Resources
Web Applications - tools that allow predictions of genomic islands through a web interface
- IslandViewer - integrates three different methods: SIGI-HMM, IslandPath-DIMOB, IslandPick. Contains pre-computed results for all sequenced genomes and allows user submitted genomes.(More Information)
- IslandPick - is an automated comparative genomics based method that is one of the methods integrated into IslandViewer. Also, users can choose to run manual comparisons with genomes of their choice. (More Information)
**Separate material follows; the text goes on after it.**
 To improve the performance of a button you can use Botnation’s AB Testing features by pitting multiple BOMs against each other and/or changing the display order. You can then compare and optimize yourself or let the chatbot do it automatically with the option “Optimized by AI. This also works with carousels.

- MobilomeFINDER - comparative genomics method that identifies only those GIs that have inserted into tRNA sequences. Contains a few pre-computed results, but does allow for genome submission.
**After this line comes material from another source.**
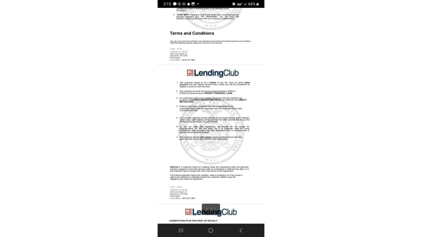 The scamming company sent an email and went by the name Lending Club
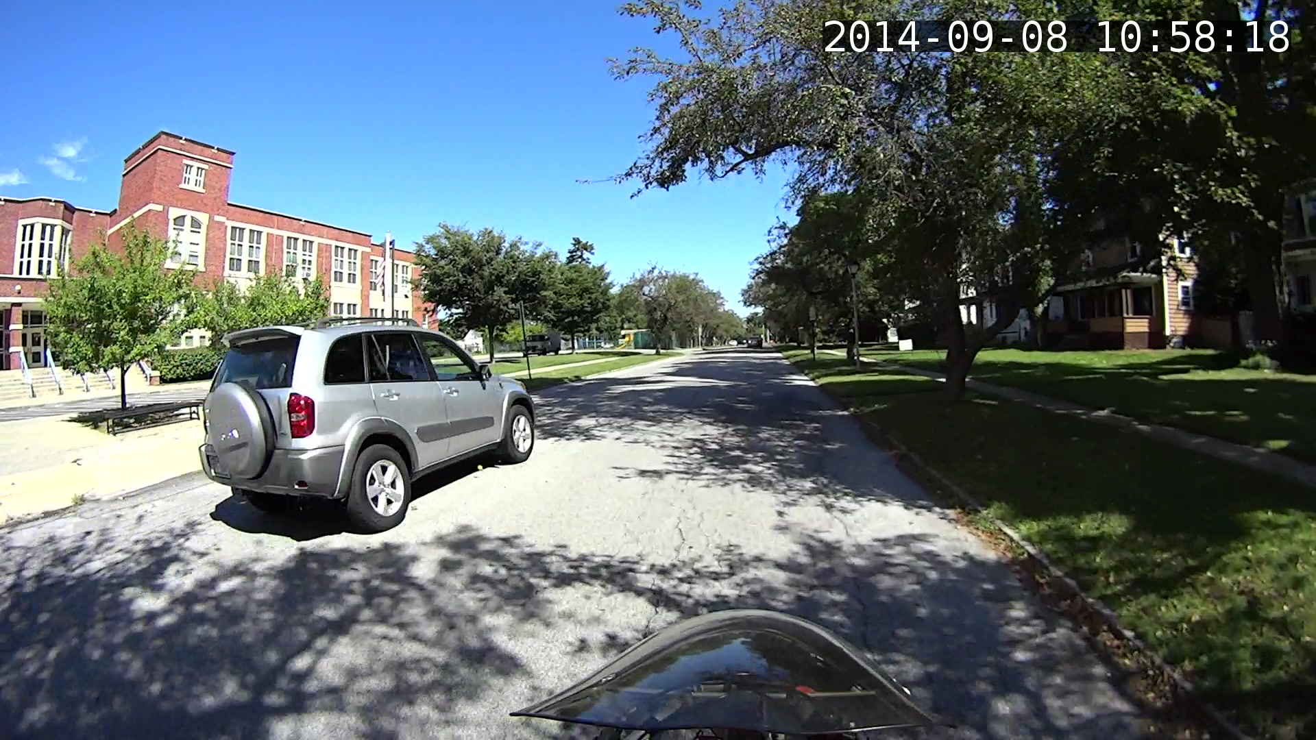 Putting the annotation up in the sky seems better than near the bottom corners, if only because images of the pavement might actually be useful. The timestamp needs the frame number and I think splitting it into two shorter sections (date and time) in the left and right upper corners might work better.

Downloadable Software - tools that once installed locally, can be used to make predictions of genomic islands
- SIGI-HMM - measures codon usage to identify possible GIs and is one of the methods integrated into IslandViewer. (More Information)
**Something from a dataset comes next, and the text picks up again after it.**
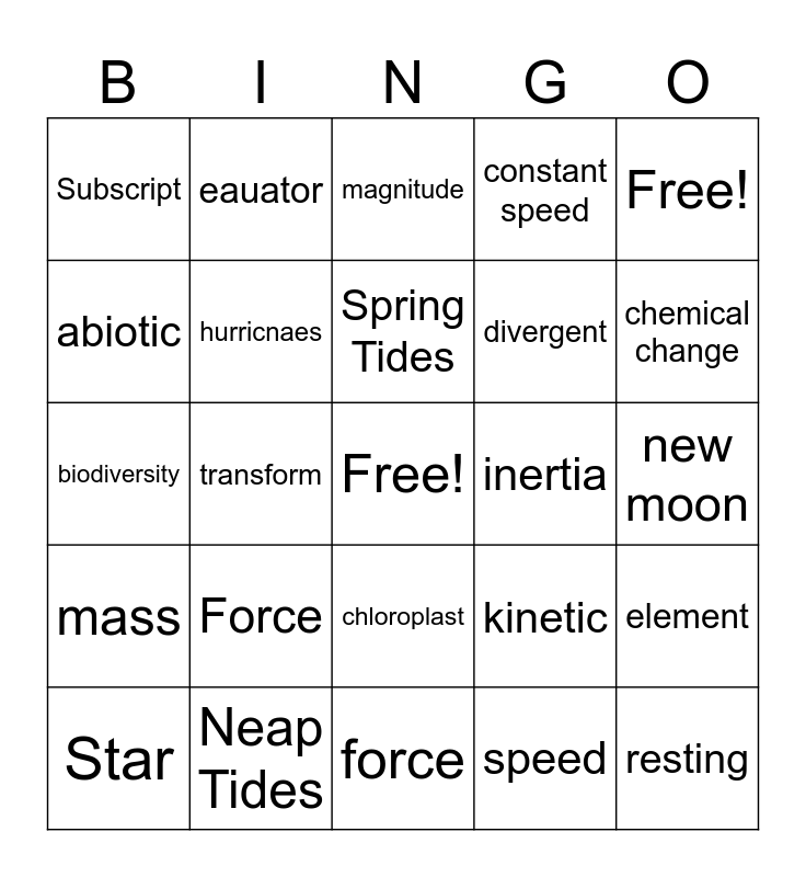 This bingo card has a free space and 24 words: Force, Neap Tides, Spring Tides, Star, Free!, Subscript, abiotic, eauator, inertia, chloroplast, divergent, biodiversity, kinetic, element, hurricnaes, speed, new moon, magnitude, chemical change, transform, resting, mass, constant speed and force.

- IslandPath-DIMOB - measures dinucleotide bias to identify possible GIs and is one of the methods integrated into IslandViewer. (More Information)
- Alien Hunter/IVOM - uses variable order motifs to measure sequence bias and predict GIs.
Databases - websites with only pre-computed genomic islands
- MOSAIC - contains predicted conserved and strain specific regions using whole genome alignments for a limited number of bacterial genomes.
- Islander - is a database of GIs along with integration sites for a limited number of bacterial genomes.
- PAI DB - is a database of pathogenicity islands that is based on homology and sequence composition bias for detection.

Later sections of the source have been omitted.